SETENTA E DUAS HORAS haviam se passado desde que a médica resgatara o oficial Cardassiano dos destroços e o tempo ainda não dava sinal de melhora.  A Garganta Ratasha era trajeto obrigatório através das Montanhas Dahkur, que conduzia à Cordilheira das Serpentes, na província Lonar.  O local em questão era bem conhecido entre os Bajorianos por sua instabilidade climática.  Na verdade eram bem poucos os que se aventuravam em seus caminhos, principalmente no período das grandes K’ran[1].

A jovem médica procurava na medida do possível aproveitar os breves momentos em que o tempo permitia, assim como seu paciente ainda prostrado pela febre, para vasculhar a região na tentativa de encontrar uma forma de abreviar sua permanência naquele charco gelado.

Mas a má sorte parecia ainda acompanhá-la.
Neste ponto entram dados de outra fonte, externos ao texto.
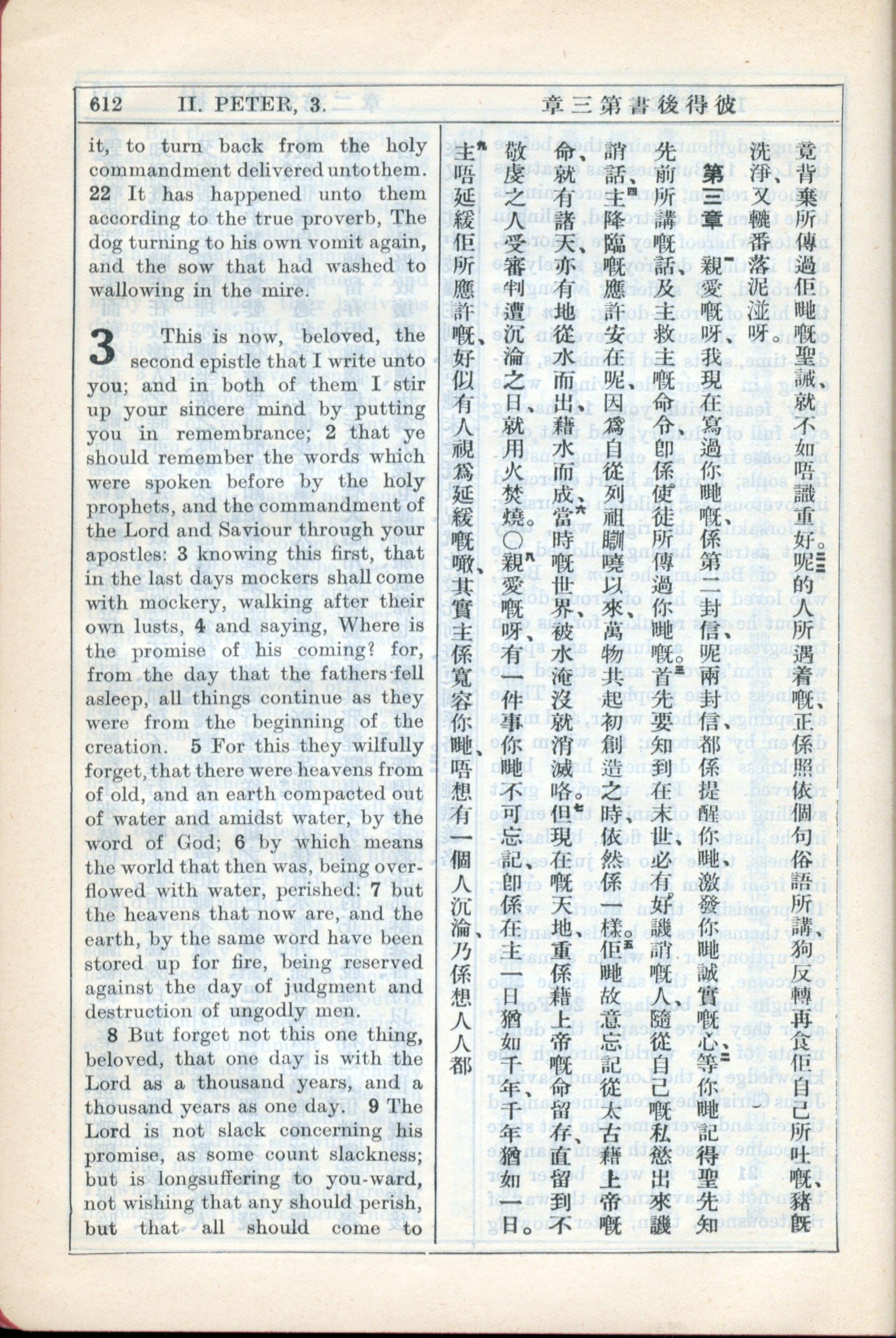 1931年新约全书广东话新译本与美国新译英文 彼得后书 2 章 22 节到 3 章 9 节

O Honttaz, um dos muitos afluentes do rio Glyrhond, o maior em extensão e volume de toda Bajor, em alguns trechos já havia vazado, chegando a encobrir parte da parca vegetação local.  Se a chuva voltasse a cair forte como na última noite, o abrigo não resistiria a uma inundação.

Neeska avaliava mentalmente a situação:

Suas chances de sair dali com sucesso através do rio eram mínimas, como atestara pessoalmente.  A área pela qual conseguira averiguar nas cercanias, com dificuldade, estava alagada ou bloqueada pela neve dos três últimos dias.  Sem meios de comunicação, e para piorar o quadro, tinha um oficial Cardassiano como paciente involuntário seriamente ferido.  Estava literalmente presa naquele lugar à mercê do tempo e foi com uma ponta de medo que vislumbrou pela primeira vez que se encontrava com sérios problemas.

De volta aos destroços com o auxílio de uma pá e algumas pedras, Neeska procurou reforçar a vala comum que fizera como última morada para o resto da tripulação.  Tal cuidado não tinha cunho religioso, simplesmente preocupava-se em não atrair animais famintos, já tinha problemas além da conta.  Lamentou-se por não ser capaz de retirar o corpo do piloto das ferragens na manhã do primeiro dia, restando-lhe apenas ocultar o infeliz o melhor que pôde com uma lona.

 


[1] Característica climática similar às grandes monções.